Job search in Tokyo
January 30, 2008 2:45 AM   Subscribe

Can anyone recommend where to find a job in Tokyo?

I'm asking this on behalf of a friend. She hopes to move to Tokyo in April, with her boyfriend. He will be studying at Tokyo University for at least 8 months, she needs to have job before leaving.

She holds a masters degree in nutrition science, but any job will do. She applied for various office jobs, bar work, and teaching English (non native, advanced). It turns out that finding a job from the Netherlands is almost impossible. Job offers on the big expat websites require a working visa and have far too many applicants.

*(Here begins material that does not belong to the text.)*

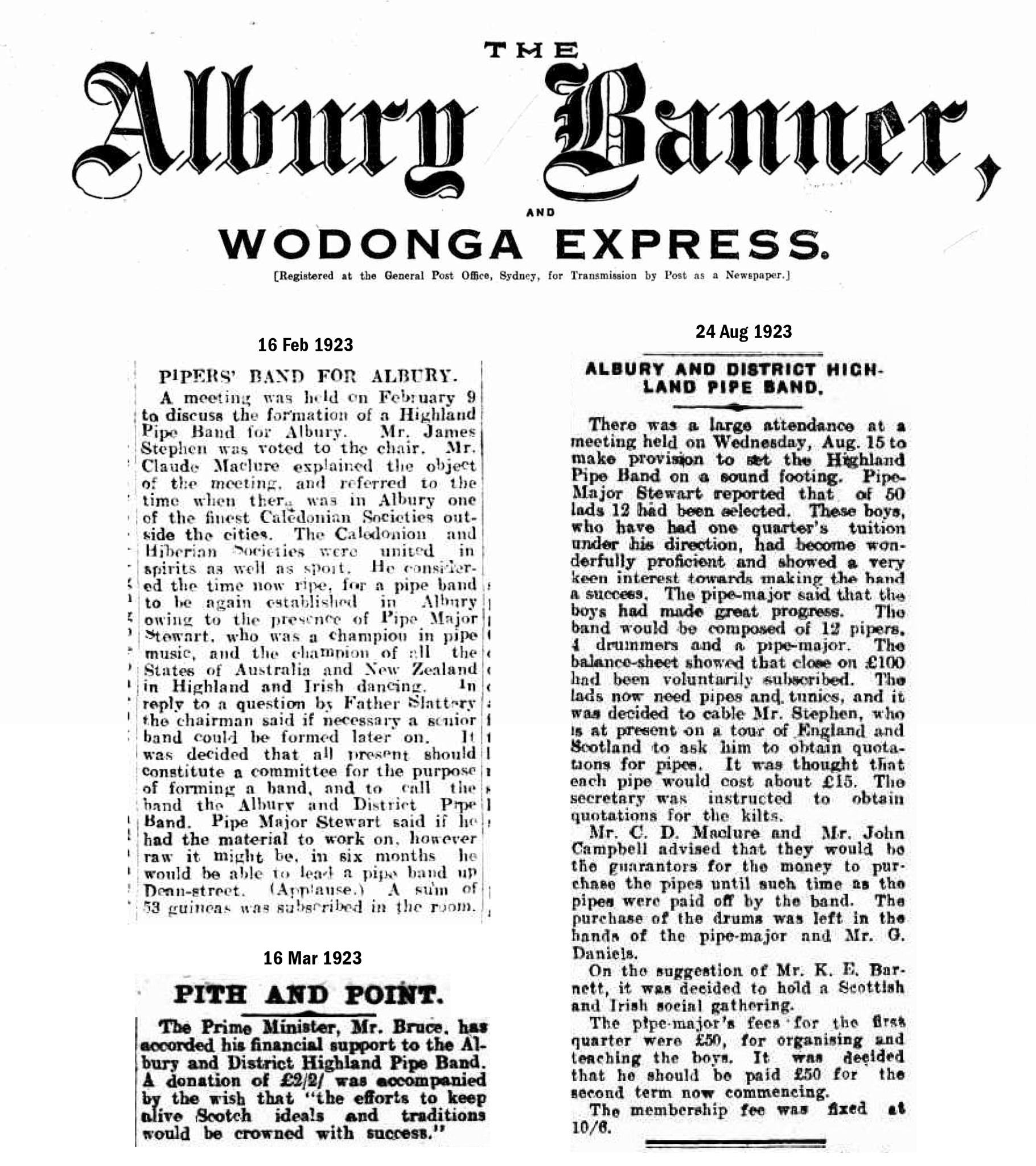 In February 1923 it was brought forth that Albury should form a Pipe Band. It was decided that the band be called the “Albury and District Pipe Band”, thus beginning a rich history of piping and drumming in the region.
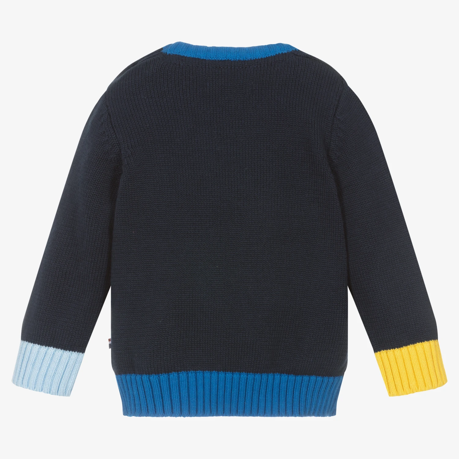 Navy blue sweater for younger boys by U.S. Polo Assn., made in a soft and cosy cotton knit. Lovely for layering, it has a multicoloured double horseman logo embroidered on the front and complementing blue and yellow trims. On the smaller sizes, there are popper fastenings on one shoulder for easy dressing.

We're looking from some help inside. Can you recommend agencies or places to work? Is is possible to get a job without having a work visa before applying?
posted by Psychnic to Work & Money (8 answers total) 5 users marked this as a favorite
 
Her knowledge of Japanese is lacking... But she'll learn the basics
posted by Psychnic at 2:48 AM on January 30, 2008


I found a job in Tokyo from the United States without having a visa. I work for a large Japanese manufacturer doing mobile phone product planning and development. However, I had the following in my favor:

1) I spoke fluent Japanese before I came
2) I went to a career fair in the US for J-E bilinguals, where I interviewed with the company
3) The process took, from first interview to coming to Japan, 10 months

Her best bet is to try to find an English teaching job with AEON, GEOS, or one of the other eikaiwa firms, but I can't vouch for current working conditions. Since the country's biggest eikaiwa firm, NOVA, went belly-up last year, there has been a surplus of teachers on the market, so they may not be interested in hiring her -- especially since she's not a native speaker.

Long story short, she is going to have a hell of a time finding a job without knowing Japanese *and* being in Japan, at the very least. I submitted resumes to dozens of firms, but most of them were uninterested in me unless I was in Japan and had a valid visa because that saves them lots of money and time.

She might want to considering attending a Japanese language school in Tokyo, and then working a part-time job or two on the side. She probably won't break even on living expenses if she does that, though.

That's the view on the ground here. She might have a better time of it if she stayed in the Netherlands and visited him once or twice, like I did when my girlfriend went to Japan to study for a year.
posted by armage at 3:03 AM on January 30, 2008


looks like 無理 is going to be the first addition to her vocabulary unless they get married and she goes on a spouse visa, but not sure on the timing of that.

If her boyfriend is staying in private accomodations then it should be possible for her to come over on a tourist visa twice to live with him in two 90-day blocks. Six out of eight months isn't bad.

Finding "privates" [lingo for private students] should be relatively straightforward for a well-educated Dutch woman with an entree into Todai. This won't get her a visa but should open the door for getting the experience necessary to getting sponsorship at a proper eikaiwa agency should her boyfriend remain a 2nd year there.

Logistics:

April: boyfriend moves over
May ~ July: She's there getting acclimated and studying
August is national vacation month so she goes back to Holland
Sept ~ Nov: 2nd 90 day period, start search for visa position
posted by panamax at 3:30 AM on January 30, 2008


armage: how fluent is your Japanese, may I ask? Mine was good enough to get by for 5 years in a proper bilingual office setting, and I guess I'm easily JLPT-2 level, but DISCO just scares the crap out of me :(
posted by panamax at 3:33 AM on January 30, 2008


armage has the right idea - her best bet would be to try for full time Japanese study and a student visa which allows her to work 20 hours a week.

Not having Japanese is a disadvantage certainly - as is being outside of the country when applying.
posted by gomichild at 3:47 AM on January 30, 2008


panamax: I have JLPT 1-kyu, and I rarely use English on a daily basis either at work or at home. If you have 2-kyu, you should have a good chance at DISCO -- most of my non-Japanese friends who went had 2-kyu or something close, and I know of at least one who got a job with UBS and came to Tokyo thanks to DISCO.
posted by armage at 4:00 AM on January 30, 2008


the panamax "visit twice" or armage "language study" plans are definitely most realistic. The difficulty with either is the living situation, since the kinds of apartments that my friends at Todai have are typically on the scale of 11 square meters. Sharing such an apartment for a week requires love and patience, for 6 months, that may be superhuman power.

my experience included a 1 year job search, and 6 months from job offer to visa. the big schools (Geos/Aeon scale) could have had me from offer to teaching in 3 months, but they really do hire native speakers only, the big schools. This was with a master's in engineering and one semester of Japanese.

Also, she may consider expanding her acceptable geography to the non-Tokyo areas that people commute to/from regularly, including Saitama and Yokohama.
posted by whatzit at 6:19 AM on January 30, 2008


What whatzit said about getting a student visa. If she can do that and work 20 hours a week, GABA is supposed to be good for teaching EFL, and they sometimes hire nonnative, but very good, English-speakers. That company also lets you choose your working hours, better than most other eikaiwa schools.